Voici à cet effet la lettre ouverte qu’il adressé aux Congolais:

Très chers compatriotes,

Sans être la première du genre, apocalyptique a été la nuit du 04 au 05 mai 2023 en Territoire de Kalehe dans la Province du Sud-Kivu.
Le décompte des morts et des blessés a suscité des contradictions. Somme toute, des centaines d’hommes, femmes et enfants ont péri dans cette énième catastrophe naturelle.
Le bilan des destructions a été sans équivoque en raison de leur gravité.
Des familles entières ont disparu; des villages et des centres de négoce rasés; des citoyens appauvris totalement ou un peu plus en l’espace d’une nuit seulement ; des infrastructures de tous ordres dévastées, bref, un malheur, le vrai.

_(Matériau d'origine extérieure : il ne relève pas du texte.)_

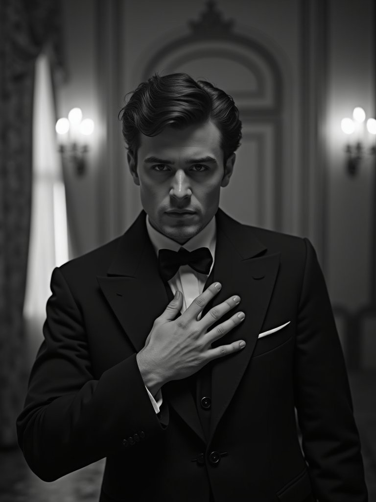 black and white 35mm film of model as a 1920s silent film nobleman in distress, wearing a Victorian suit with cravat, reacting dramatically with hand to chest, theatrical staging, black and white with flickering film effect, opulent mansion interior
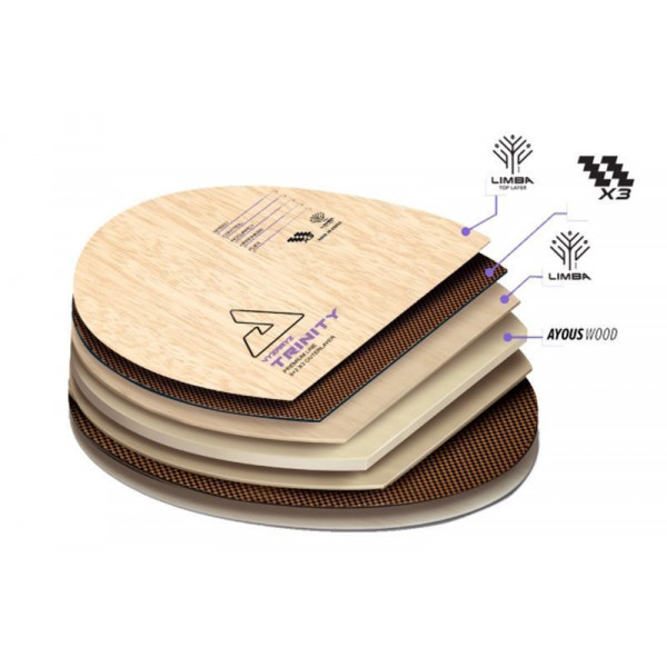 Якщо ви шукаєте революційну деревину, яка поєднує в собі потужність, силу, відчуття та точність, ви не пошкодуєте, вибравши JOOLA Vyzaryz Trinity. Цю деревину вибрав австрійський тенісист Даніель Хабесон (Daniel Habesohn), чемпіон Європи та олімпієць. Секрет цієї деревини полягає в революційній суперкомпозитній тканині X3, що складається з горизонтальних шарів синтетичного матеріалу PBO-C, а також вертикальних шарів арилату і вуглецю (ARY-c). Ці шари поширюються на ручку, створюючи надзвичайну стабільність і консистенцію. Зовнішній шар деревини Limba додає більше дотику та контролю кожного удару.

La routine des interventions d’urgence a été au rendez-vous : course contre la montre pour marquer la présence avant quiconque; campements de fortune; dons en vivres et non-vivres, distribution d’argent; discours de compassion et promesses de lendemains meilleurs pour les survivants sur fond de rivalités d’altruisme ou de visibilité. La population éprouvée a été certes et est encore sensible et reconnaissante à toute cette mouvance. Néanmoins, la désapprobation de l’inhumation en fosse commune des premières dizaines de corps découverts est considérée comme un malheur de plus par les localités frappées à Bushushu et Nyamukubi.

Loin des débats et des connotations des uns et des autres sur ce triste événement, qu’il nous soit permis de ressasser ici des causes lointaines et proches pouvant permettre d’apporter une réponse à la question de pourquoi en est-il ainsi.

Le Territoire de Kalehe réuni (Chefferies et Groupements de Buhavu, Buloho, Kalima, Kalonge, Buzi, Mbinga-Nord, Mbinga-Sud, Mubugu) fut depuis l’époque coloniale le lieu par excellence de la culture du café au Kivu. L’exploitation des grands espaces par les colons ne fut pas un choix hasardeux et toute la population fut mise à contribution. Les plantations organisées étant devenues désuètes ou presque après la zairanisation, le malheur de Kalehe débuta avec l’exportation frauduleuse nuit et jour du café à l’effet d’appauvrir les petits producteurs paysans mais faisant du Rwanda un acteur sur les marchés internationaux.
Le deuxième malheur fut l’exploitation désordonnée de la cassitérite dont le marché mondial avait besoin. Les mêmes causes produisant les mêmes effets, une fois de plus, le Rwanda tira un important dividende de ce commerce qui occasionnait l’abandon de la culture caféière et de principales cultures vivrières.
Le troisième malheur fut la combinaison des effets pervers de l’affluence des réfugiés hutus rwandais et du boom du coltan dont la forte demande de toutes parts dans les pays industrialisés déconnecta les populations de la réalité du terrain. En effet, les flancs et les sommets des collines et des montagnes se transformèrent en importantes galeries à ciel ouvert au mépris des conséquences futures dont les lentes érosions du sol, les grands éboulements, les inondations, l’insécurité alimentaire et la pauvreté devenue endémique. Paradoxalement, l’économie rwandaise connut et connait à ce jour une embellie fondée sur des trafics illicites d’un minerai stratégique pour le monde alors que le pays n’en produit pas une seule petite brouette.
Le plus grand malheur de Kalehe aura été depuis de longues décennies et de toute évidence, l’absence de mesures fortes et de politiques salvatrices face aux dangers précités sans parler de la radioactivité caractéristique des minerais exploités essentiellement de manière artisanale et très souvent anarchiquement.

En définitive, pendant que les populations des hauts, moyens plateaux et du littoral du lac Kivu paient le prix de cet état de choses, celles, Tembo, silencieuses, résilientes et peut-être moins malheureuses se battent quoique difficilement autant pour la sécurité du Territoire que pour la préservation de la forêt et ses innombrables ressources, un exemple à suivre par tous les Congolais. Tout en joignant notre modeste voix à celles de tous les compatriotes compatissants et tenant compte de tout ce qui est décrit dans cette réflexion, nous souhaitons de tout cœur que le Territoire de Kalehe, si utile, s’invite à la table des priorités du Gouvernement de la République et des institutions de la Province du Sud-Kivu pour conjurer la survenue d’un nouveau malheur.

Salutations fraternelles et patriotiques.